2011-10-19 Thread Thierry Carrez
Stefano Maffulli wrote:
 You'll find there also the implementation details to answer the
 question:
  
 Who commited to an OpenStack repo, how many times in the past 30
 days?
 
 and a demo report built with Pentaho Reporting representing the 
 total number commits per repository in past 30 days
 http://wiki.openstack.org/CommunityMetrics/Code?action=AttachFiledo=gettarget=2011-11-commits30daysallrepo-obfuscated.pdf
 [note: the email addresses are hidden on purpose]

Can an HTML report be produced and posted instead ? It feels like that
sort of information should be pullable rather than pushed, from a
well-known website, and PDF adds an extra step to access, for no real
value (is anybody going to print this ?)

 First of all: do the numbers seem correct to you? In other words, does
 the SQL query seem correct? Does the demo report look interesting to
 you? What/how would you change?

I can't really answer that question, but it looks strange to me to see
Jenkins up there (I bet he didn't author any patch).

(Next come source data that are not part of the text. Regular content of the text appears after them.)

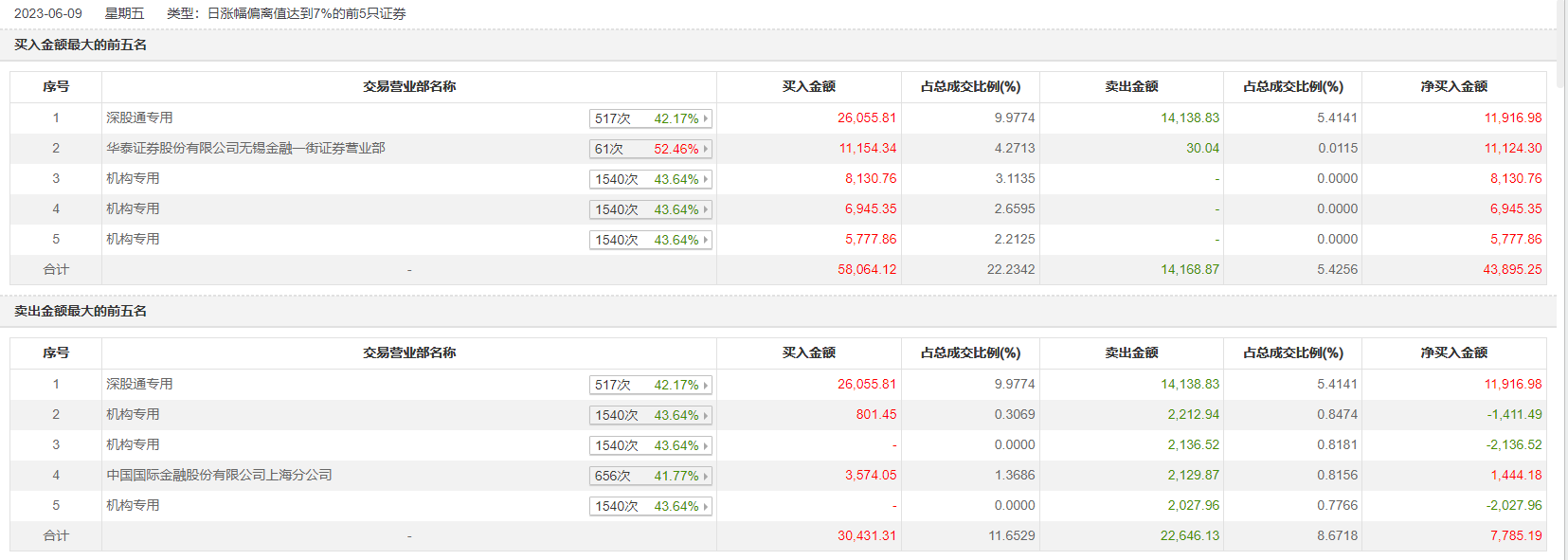 具体来看,机构买入2.17亿元,卖出6377.42万元,合计净买入1.53亿元。此外,深股通专用、华泰证券无锡金融一街证券营业部分别买入2.61亿元、1.12亿元;深股通专用、中国国际金融上海分公司分别卖出1.41亿元、2129.87万元。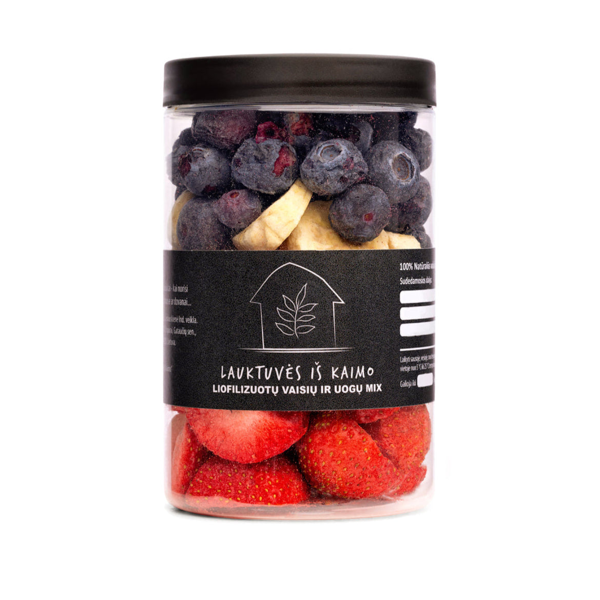 Sudėtis: braškės, bananai, šilauogės.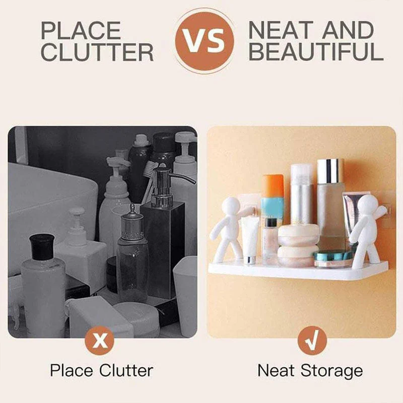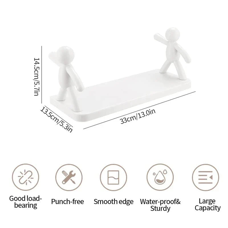 💡 Tip: Buy two, one for the kitchen and one for the bathroom, for a more organized home! 🧼 Transform your bathroom or kitchen with our self-adhesive wall-mounted storage shelf in a cute little character design! Easy to install, leaves no marks and keeps your small items organized and easily accessible. 🧽🧴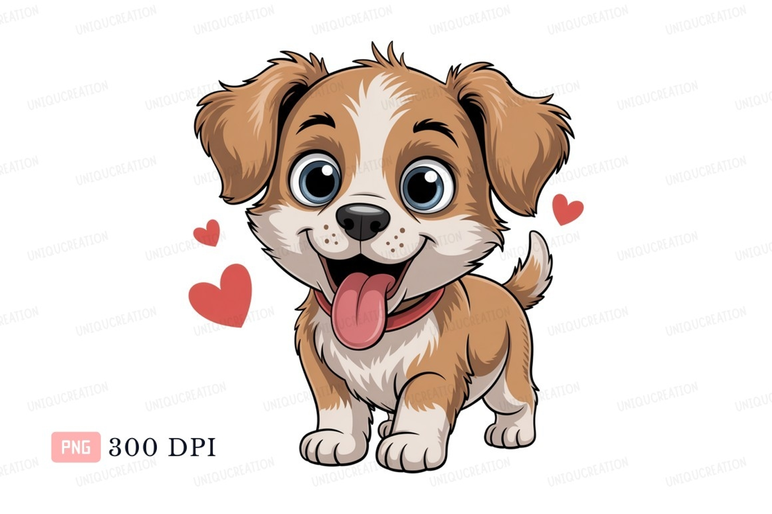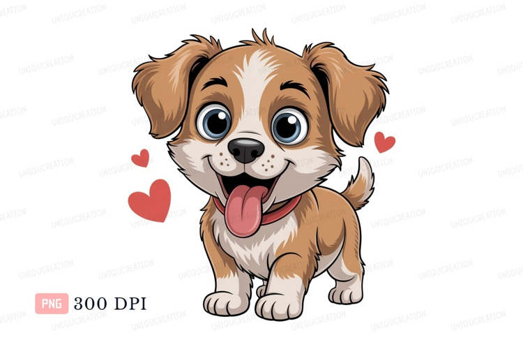 Adorable puppy with blue eyes and red collar cute cartoon example image 1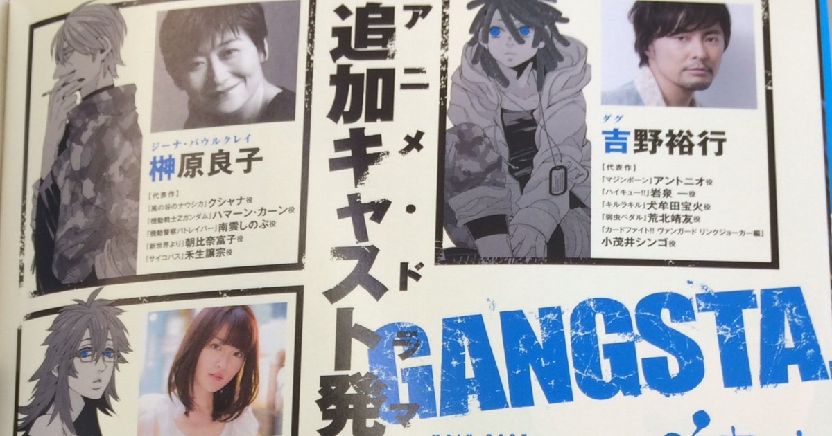 The October issue of Shinchosha's Monthly Comic @Bunch magazine revealed additional cast members for the anime adaptation of Kohske's Gangsta. manga on Thursday. The additional cast is as follows:

 Then, I would like your feedback to refine the other questions we want
 to see answered regularly, regarding code (we'll move on to bugs, docs,
 etc later).
 
 Are the following reports interesting? Do we want to have them run
 monthly or weekly? 

If the reports are not pushed, they can run more often. Maybe something
like last 30 days (refreshed every week) and then generating a report
per-milestone (at the end of every milestone) ? I think it would be good
to know who committed code for a given milestone, rather than for a
given arbitrary month.

 Is this too much information or too little? What else
 would you like to see regarding code?
 
 * Total number of commits across all repos aggregated per month
 * Total number of commits per repository aggregated per month

Maybe per-milestone would be more useful, though it's a bit more
difficult to do (especially since all projects do not follow the common
milestone plan).

-- 
Thierry Carrez (ttx)
Release Manager, OpenStack

___
Mailing list: https://launchpad.net/~openstack
Post to : openstack@lists.launchpad.net
Unsubscribe : https://launchpad.net/~openstack
More help   : https://help.launchpad.net/ListHelp


Re: [Openstack] Metrics around code

2011-10-19 Thread Rohit Karajgi
I agree with the HTML report, and this report can be published onto OpenStack 
Jenkins for world readability. We have some similar metrics for bugs. The 
following metrics can be easily pulled from Launchpad's bug database using the 
python-launchpadlib api.

1. Bug Distribution - By Status 
2. Bug Distribution - By Importance 
3. Bug Distribution - By Milestone 
4. Bug Distribution - By Bug owners 
5. Bug Distribution - By Fixed-by 
6. # of times a file was modified 
7. # of lines modified per file

#6 and #7 specifically can be quite useful to identify those modules that can 
be good targets for unit tests.

Cheers,
Rohit

-Original Message-
From: openstack-bounces+rohit.karajgi=vertex.co...@lists.launchpad.net 
[mailto:openstack-bounces+rohit.karajgi=vertex.co...@lists.launchpad.net] On 
Behalf Of Thierry Carrez
Sent: Wednesday, October 19, 2011 3:04 PM
To: openstack@lists.launchpad.net
Subject: Re: [Openstack] Metrics around code

Stefano Maffulli wrote:
 You'll find there also the implementation details to answer the
 question:
  
 Who commited to an OpenStack repo, how many times in the past 30
 days?
 
 and a demo report built with Pentaho Reporting representing the total 
 number commits per repository in past 30 days 
 http://wiki.openstack.org/CommunityMetrics/Code?action=AttachFiledo=g
 ettarget=2011-11-commits30daysallrepo-obfuscated.pdf
 [note: the email addresses are hidden on purpose]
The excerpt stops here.